**Work item:** Reproduce verbatim all of the data given below, but do not carry over the images.

**Material provided:**
......

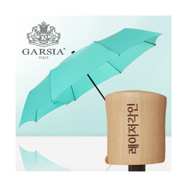 가르시아 3단 민트 마시멜로 원목손 수동우산
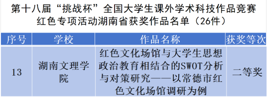 我校马克思主义学院《红色文化场馆与大学生思想政治教育相结合的SWOT分析与对策研究--以常德市三类红色文化场馆的调研为例》荣获第十八届“挑战杯”全国大学生课外学术科技作品竞赛红色专项活动二等奖,这是学校在全国“挑战杯”竟赛中取得的历史最好成绩。
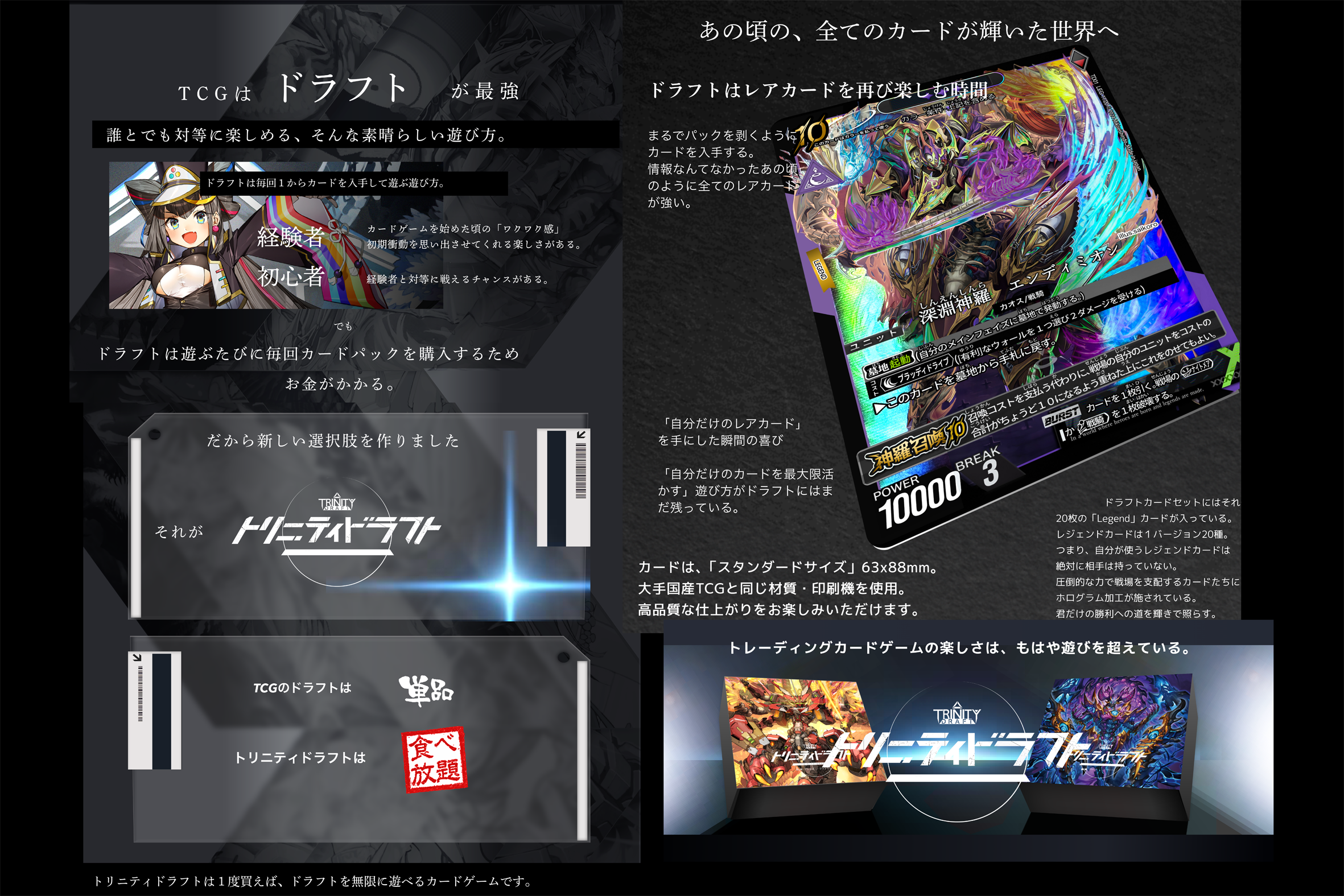 「トリニティドラフト」のクラウドファンディングの成功を記念して、支援者様に向けた特別なプロモーションカードの配布が決定しました。また、ストレッチゴールの設定も現在検討しております。

......

**Task result:**
 가르시아 3단 민트 마시멜로 원목손 수동우산
 我校马克思主义学院《红色文化场馆与大学生思想政治教育相结合的SWOT分析与对策研究--以常德市三类红色文化场馆的调研为例》荣获第十八届“挑战杯”全国大学生课外学术科技作品竞赛红色专项活动二等奖,这是学校在全国“挑战杯”竟赛中取得的历史最好成绩。
 「トリニティドラフト」のクラウドファンディングの成功を記念して、支援者様に向けた特別なプロモーションカードの配布が決定しました。また、ストレッチゴールの設定も現在検討しております。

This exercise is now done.